What if they could be persuaded to talk to us, to share our secrets? What might we then learn?

Stella was not the secretive or guarded person that Mary Beth had been. Maybe, if she could be convinced of our discretion and our scholarly purpose, she would reveal things to us. Possibly Cortland Mayfair would talk to us too.

Second and perhaps less important: Certainly we had over the years violated the privacy of the Mayfair family with our vigilance. We had, according to Stuart, "snooped" into every aspect of their lives. Indeed we had studied these people as specimens, and again and again, we justify the lengths to which we go by arguing that we will, and do, make our records available to those we study.

Well, we had not done that with the Mayfairs ever. And perhaps there was no excuse for not trying now.

Third: We existed in an absolutely unique relationship to the Mayfairs because the blood of Petyr van Abel, our brother, ran in their veins. They were "related" to us, one might say. Should we

not seek to make contact merely to tell them about this ancestor? And who knows what would follow from there?

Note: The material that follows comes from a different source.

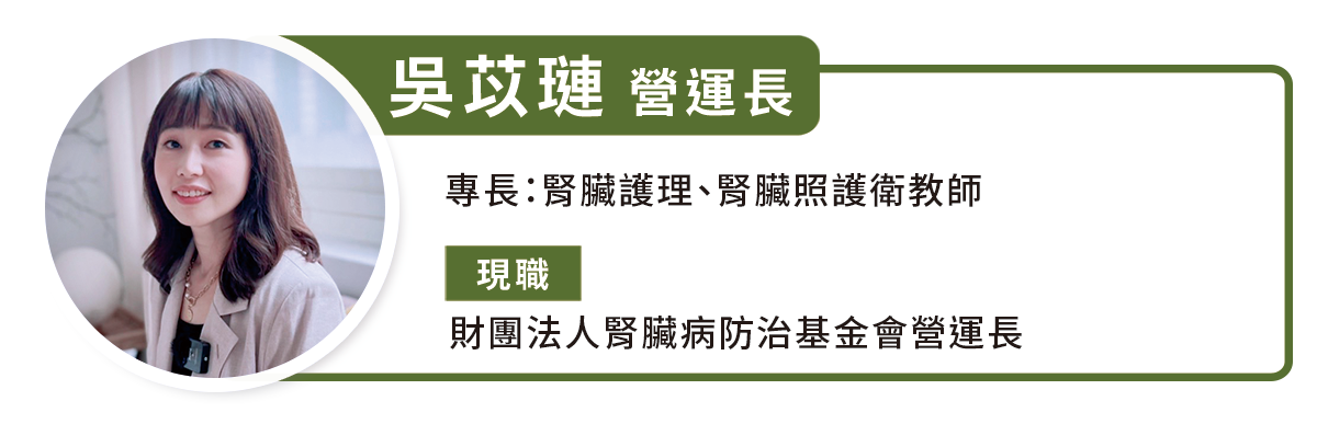 腎臟病防治基金會營運長吳苡璉指出,不少人認為「腎臟病是老年人的病」,其實不然。臨床上雖然年輕族群得到腎臟病的比例較低,但過往也會發現年輕的腎友,在健康檢查中發現腎功能異常,然而病人自覺年輕,加上慢性腎臟病前期幾乎沒有症狀,因此忽略追蹤,但繁忙的工作及不正常的飲食習慣,讓腎功能快速惡化,她提醒年輕族群要正視每次有健康檢查的機會,最重要的是檢查後的報告要認真閱讀並詢問專業意見,有異常就要積極追蹤,才能避免疾病的發生。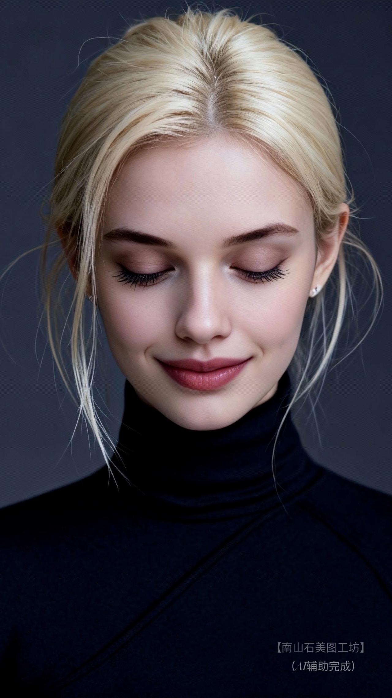 浅金长发似鎏光倾泻,高领黑衫衬出天鹅颈的优雅弧度。眉眼轻阖如盛星芒,唇角微扬漾柔光,深灰底色里,她是具象的诗意,每缕气韵都糅着矜贵与温柔,一眼沉醉于这份静谧高级之美。

Fourth: Could we do some real good by making contact? And here of course we come to one of our highest purposes. Could the reckless Stella benefit from knowing about other people like herself? Would she not enjoy knowing there were people who studied such persons, with a view to understanding the realm of the invisible? In other words, would Stella not like to talk to us, and not like to know what we knew about the psychic world at large?

Stuart argued vociferously that we were obligated to make contact. He also raised the pertinent question: what did Stella already know? He also insisted that Stella needed us, that the entire Mayfair clan needed us, that little Antha in particular needed us, and it was time that we introduced ourselves and offered what we knew.

The council considered everything that Stuart had to say; it considered what it knew of the Mayfair Witches, and it concluded that the good reasons for making contact far outweighed any bad reasons. It dismissed out of hand the idea of danger. And it told Stuart that he might go to America and he might make contact with Stella.

In a welter of excitement, Stuart sailed for New York the very next day. The Talamasca received two letters from him postmarked New York. He wrote again when he reached New Orleans, on stationery from the St. Charles Hotel, saying that he had contacted Stella and indeed had found her extremely receptive, and that he was going to meet her for lunch the next day.

Stuart Townsend was never seen or heard from again. We do not know where or when or even if his life ended. We simply know that sometime in June of 1929 he vanished without a trace.

When one looks back upon these council meetings, when one reads over the transcript, it is very easy to see that the Talamasca made a tragic mistake. Stuart was not really prepared for this mission. A narrative should have been written embracing all the materials, so that the Mayfair history could be seen as a whole. Also the question of danger should have been more carefully evaluated. Throughout the anecdotal history of the Mayfairs there are references to violence being done to the enemies of the Mayfair Witches.